The idea is that, as E travels around the circle, P sweeps out the conic. Click here to see an animation of the ellipse being swept out; click here to see an animation of the hyperbola.
We discover the following:
- If the conic is an ellipse, then the directrix does not intersect the eccentric circle.
- If the conic is a parabola, then the directrix is tangent to the eccentric circle.
- If the conic is a hyperbola, then the directrix intersects the eccentric circle exactly twice, and the two parts of the circle correspond to the two branches of the hyperbola.
 The beauty of the eccentric circle construction is that it allows us to translate well-known properties of the circle into properties of conics. For instance, from any point in the exterior of a circle, there exist exactly two lines tangent to the circle. This allows us to prove that, from any point in the exterior of a conic (where exterior is defined as in the previous section), there exist exactly two lines tangent to the conic.
To see this, let O be any point in the exterior of the conic. Construct the eccentric circle centered at O. There are exactly two tangents m and n from F to the eccentric circle. Use them to obtain points P and Q on the conic.  It remains to show that OP and OQ are tangent to the conic.
Note that PF is perpendicular to m. Let T be any point on OP other than P. Let t be the distance from T to the directrix, and s the distance from T to m. Then s/t = ε. On the other hand, TF > s since the shortest distance from T to m is along
the perpendicular, so TF/t > ε. It follows that T is in the exterior of the
conic. So OP is tangent to the conic. Similarly for OQ. This establishes that there are at least two tangents from O to the conic.
On the other hand, each tangent from O to the conic produces a tangent from F to the eccentric circle, and there are only two such, so the tangents
just constructed are the only tangents possible.
If O happens to be on l, then it is not possible to construct the eccentric circle.  The points of tangency are the points where the line perpendicular to OF at F intersects the conic. This is not difficult to prove.

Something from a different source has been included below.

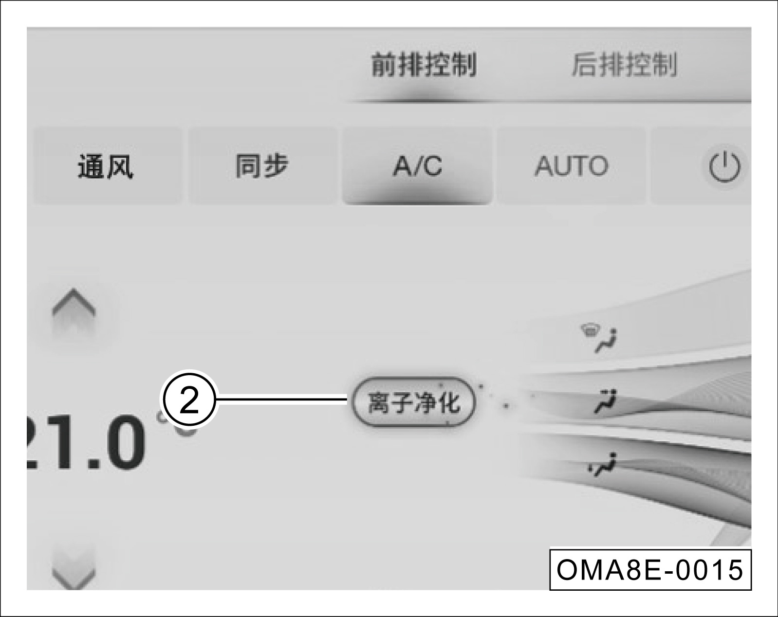点击音响系统空调控制界面“离子净化”软按键②,开启等离子空气净化器。可以产生等离子,有效分解车内甲醛、苯等有害气体,净化车内空气。

The fact that there is exactly one tangent to any point on a conic follows similarly. Let P be a point on the conic. The eccentric circle centered at P is the circle passing through F. There is exactly one tangent to the circle at F. Use this to produce a tangent to the conic.
This establishes existence. On the other hand, given a tangent at P, the
reverse of this operation produces a tangent to the circle at F, of which
there is exactly one. This establishes uniqueness.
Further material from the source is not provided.